Popular roads are long

The 2019 International Conference on Hydrogen and Fuel Cell Vehicles focuses on the market applications of hydrogen and fuel cell technologies, fuel cell stacks and key components, hydrogen storage technology, hydrogenation infrastructure construction, policy standards and regulations, and market investment. Expand communication. These hot spots are also corresponding to many difficulties in the development of hydrogen fuel cell vehicles.

For the time being, the policy is supportive. According to the "Blue Book of China's Hydrogen Energy Industry Infrastructure", 1000 sets of hydrogen refueling stations and 1 million hydrogen fuel cell vehicles will be built in China in 2030. Hydrogen energy was also written for the first time in the 2019 "Government Work Report", which required the construction of infrastructure such as charging and hydrogenation. However, regardless of the domestic market or the foreign market, the development of hydrogen energy faces the problem of “cold start”. Before the scale effect is formed, who will bear the huge investment and risks? Or who can afford it? If there are similar alternatives (such as lithium battery cars) in some scenarios, is it necessary to invest huge sums of money to build this system?

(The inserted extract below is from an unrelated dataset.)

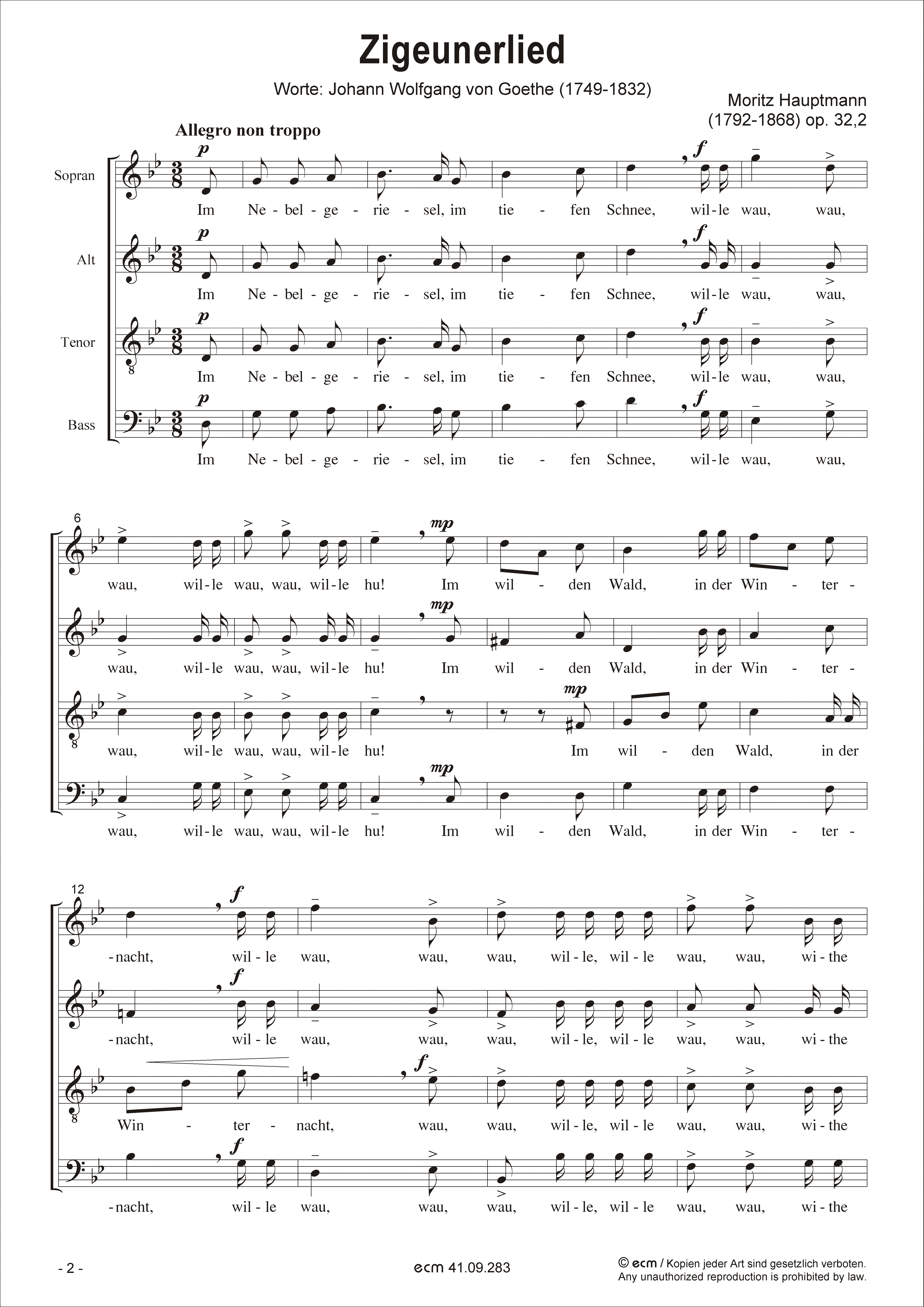 Besetzung: S.A.T.B. / Text: Johann Wolfgang von Goethe (1749-1832) Sprache: deutsch / Tonart: g-Moll / Dauer: 3:00 Min.

Therefore, for a long time to come, hydrogen fuel cell technology and other technical routes will not be your competitive relationship. Their respective advantages and disadvantages will determine that they will remain in a state of mutual coexistence for a long time. And diversified development may have a more complete solution.

Although the fish and the bear's paw can't be both, the user expects that the bear's paw and the fish will always be in my hand. Will hydrogen fuel cell vehicles develop into a bear-bearing fish? I am afraid it will take quite some time to get an answer.